Any help would be appreciated, thanks (Happy)
• Oct 7th 2009, 11:08 AM
Matt Westwood
Quote:

Originally Posted by kallivis
I'm on one my last Math problems of the assignment, and I can't seem to figure out where to start or where to go with it. The problem is:
-Use Proof by contradition to prove the following:
Assume p is rational and q is irrational. Prove if p =/= 0, then p*q is irrational.

Any help would be appreciated, thanks (Happy)

The way I'd look at it is:

If pq were rational it could be expressed in the form s/t where s and t are integers.

Now express p in the same form (m/n, say) and multiply pq by 1/p.

Continue from there.
• Oct 7th 2009, 11:29 AM
kallivis
I appreciate the assistance, so I put in what you said and now have
q= s/tq which should mean p*q= s^2/t^2q, but wouldn't that mean since that is a ratio that p*q is a rational nymber would be true, therefore not giving a contradition?
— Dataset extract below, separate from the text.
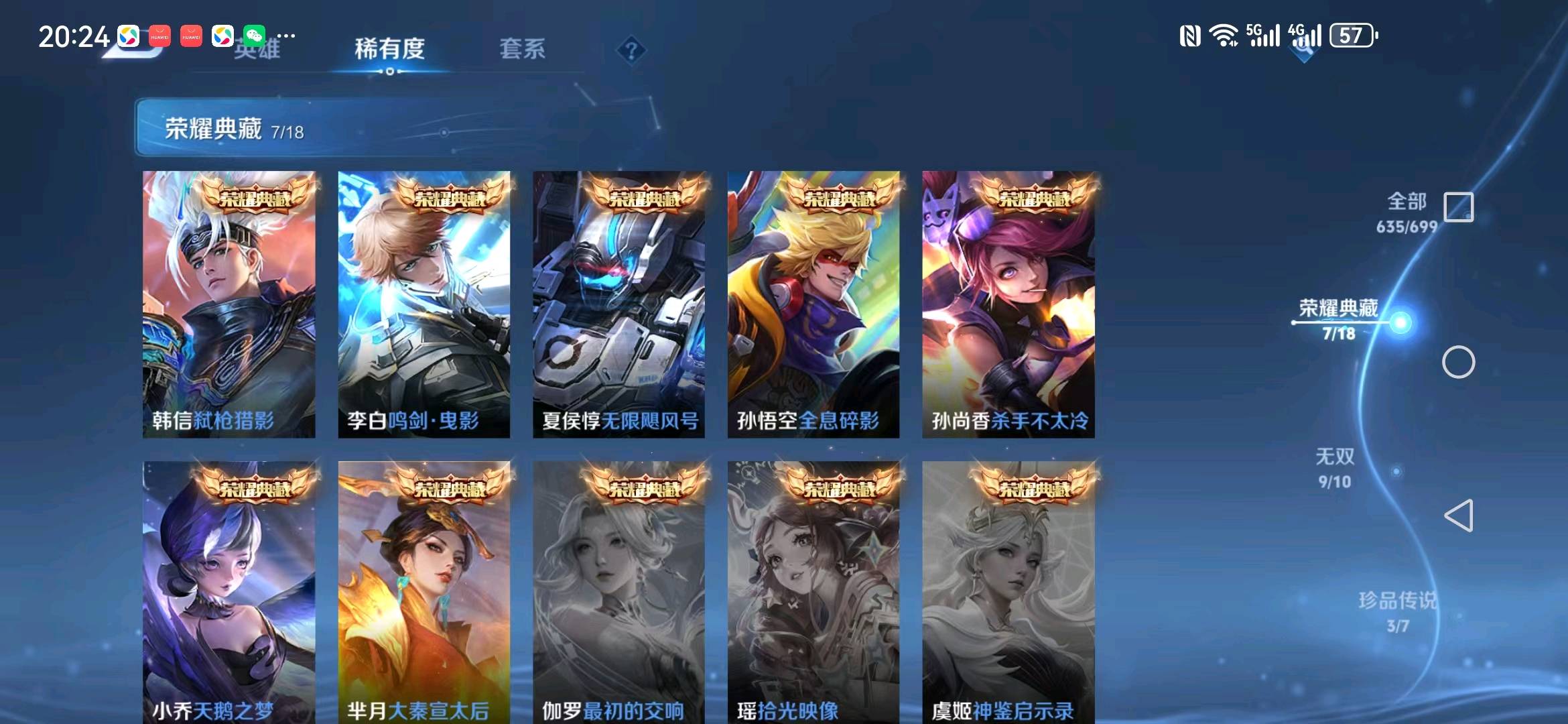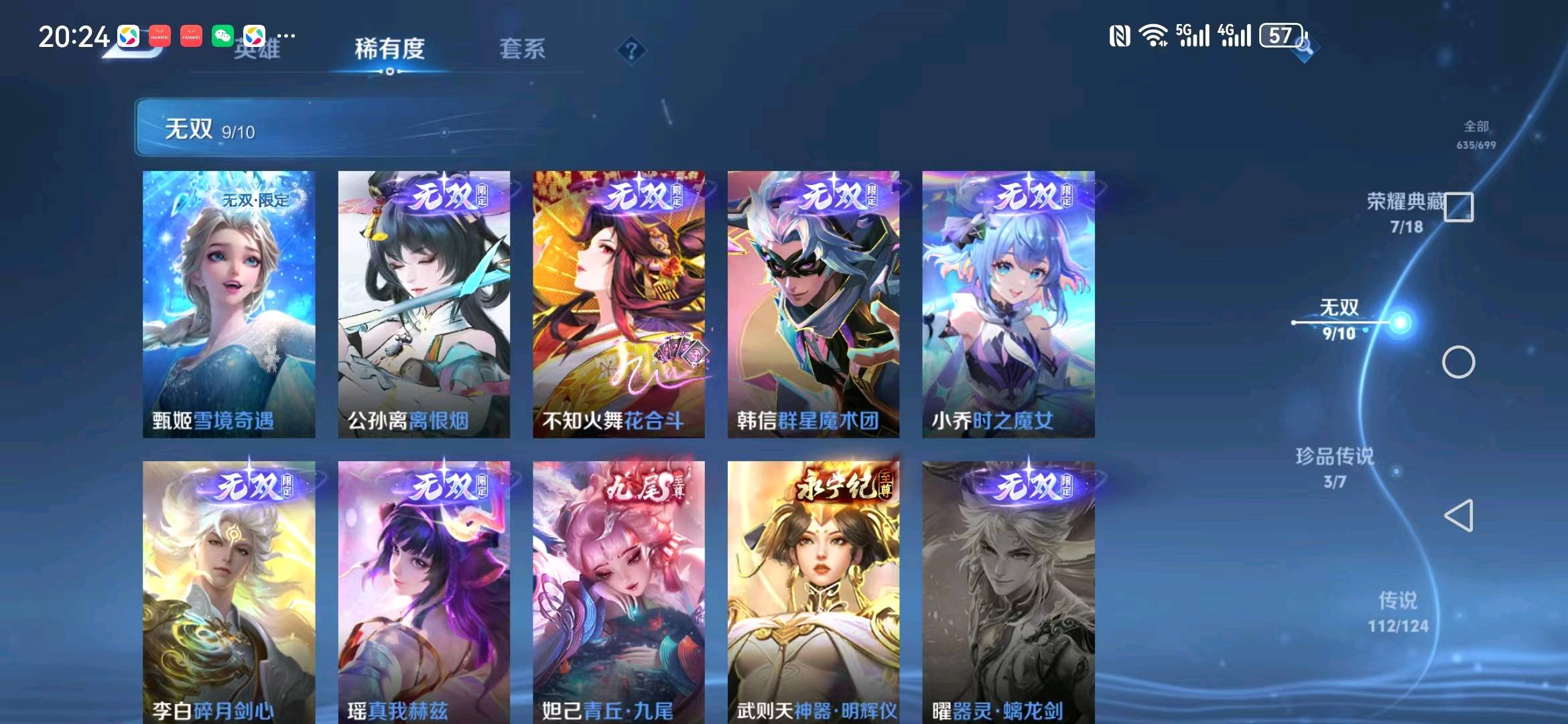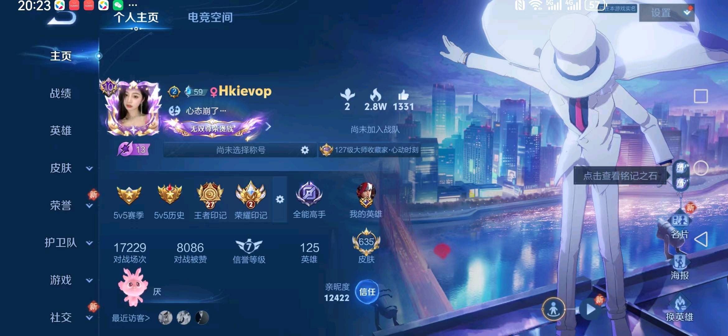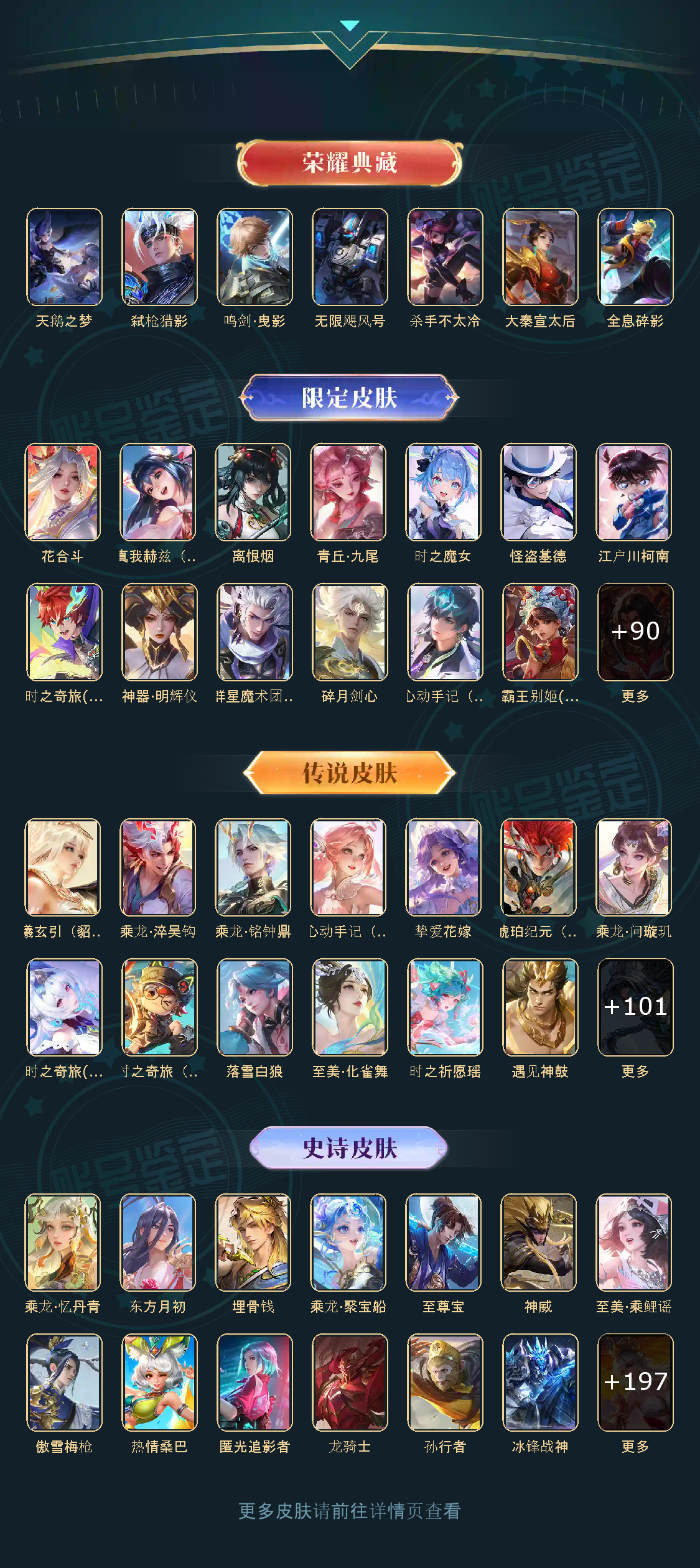 贵族等级V10无双贵族,英雄数量125,典藏皮肤数7,皮肤数量635,纯白花嫁/天魔缭乱/至尊宝/真爱至上/圣诞老人/热情桑巴/梅西/青龙志/白虎志/朱雀志/久胜战神/飞衡/匿光追影者/鸣剑·曳影/星域神启/李逍遥/武圣/玉兔公主/补天/异界灵契/神威/启示之音/傲雪梅枪/时雨天司

Or am I missing something still?
• Oct 7th 2009, 12:12 PM
Matt Westwood
Quote:

Originally Posted by kallivis
I appreciate the assistance, so I put in what you said and now have
q= s/tq which should mean p*q= s^2/t^2q, but wouldn't that mean since that is a ratio that p*q is a rational nymber would be true, therefore not giving a contradition? Or am I missing something still?
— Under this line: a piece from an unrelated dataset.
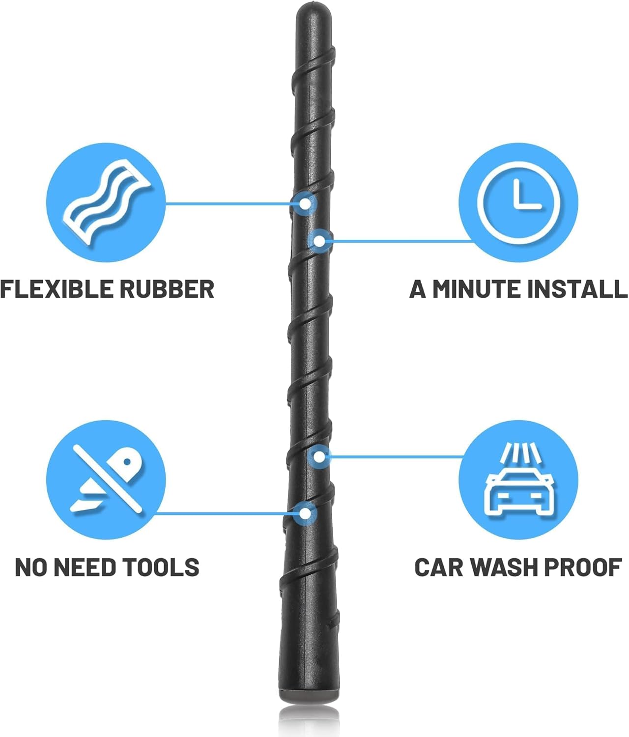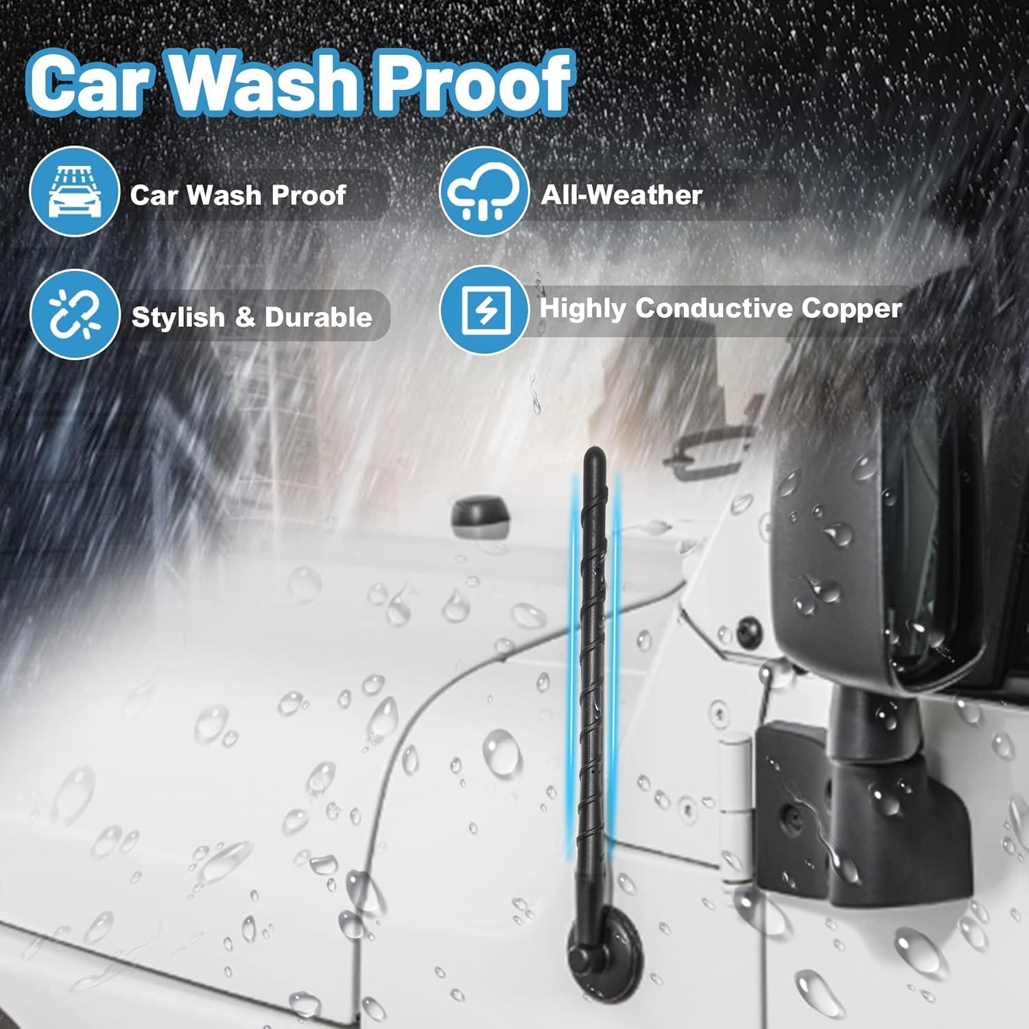 Car wash proof: The antenna mast is made of premium ABS plastic and can be used in extreme environments, no need to worry about the antenna breaking when washing the car

I don't think you read my post correctly.

I said: "... express $pq$ in the form $s/t$" not "express $p$ in the form $s/t$".
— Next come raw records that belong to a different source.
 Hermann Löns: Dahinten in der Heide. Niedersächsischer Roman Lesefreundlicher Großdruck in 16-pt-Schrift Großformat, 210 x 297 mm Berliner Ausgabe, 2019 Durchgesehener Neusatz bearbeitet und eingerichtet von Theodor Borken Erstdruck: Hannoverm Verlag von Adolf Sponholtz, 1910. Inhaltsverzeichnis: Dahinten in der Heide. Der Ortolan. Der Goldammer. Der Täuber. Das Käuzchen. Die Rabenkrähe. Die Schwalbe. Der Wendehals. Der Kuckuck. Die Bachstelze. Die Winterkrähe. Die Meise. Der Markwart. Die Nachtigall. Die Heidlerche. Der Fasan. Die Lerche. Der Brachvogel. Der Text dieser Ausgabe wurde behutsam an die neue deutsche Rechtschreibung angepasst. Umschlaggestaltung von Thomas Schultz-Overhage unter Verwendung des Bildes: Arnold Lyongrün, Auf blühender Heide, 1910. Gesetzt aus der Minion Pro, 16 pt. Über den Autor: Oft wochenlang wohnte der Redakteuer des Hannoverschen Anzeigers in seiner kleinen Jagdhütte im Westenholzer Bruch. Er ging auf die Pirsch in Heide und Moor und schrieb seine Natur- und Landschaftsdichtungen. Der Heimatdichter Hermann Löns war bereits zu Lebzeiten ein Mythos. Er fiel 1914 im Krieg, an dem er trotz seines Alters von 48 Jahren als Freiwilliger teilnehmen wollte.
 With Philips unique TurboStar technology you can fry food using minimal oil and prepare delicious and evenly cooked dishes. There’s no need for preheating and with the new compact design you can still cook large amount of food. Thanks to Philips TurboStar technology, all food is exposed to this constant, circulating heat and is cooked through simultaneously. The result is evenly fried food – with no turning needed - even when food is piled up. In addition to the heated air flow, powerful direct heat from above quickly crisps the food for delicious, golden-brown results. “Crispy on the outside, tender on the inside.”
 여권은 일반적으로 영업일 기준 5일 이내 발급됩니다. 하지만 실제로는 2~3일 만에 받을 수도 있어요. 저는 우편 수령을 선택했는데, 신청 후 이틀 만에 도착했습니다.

Look, it goes a bit like this.

You want to show that pq is irrational if p is rational and q irrational. So what we're going to do is say: if pq were rational, then we would show that q also has to be rational, which contradicts our premise that q is irrational, hence demonstrating a contradiction.

So, suppose $pq = s/t, p = m/n$.

Then $q = 1/p (s/t) = (n/m)(s/t) = (ns) / (mt)$.

But $m,n,s,t$ are all integers so $ns$ and $mt$ are integers ...

... which means ...?
• Oct 7th 2009, 01:08 PM
HallsofIvy
Have you already proved that the rational numbers are closed under multiplication? If so, you can use a proof by contradiction. Suppose, with p rational, not equal to 0 and q irrational, pq = r is a rational number, then p= r(1/q) is a product of rational numbers.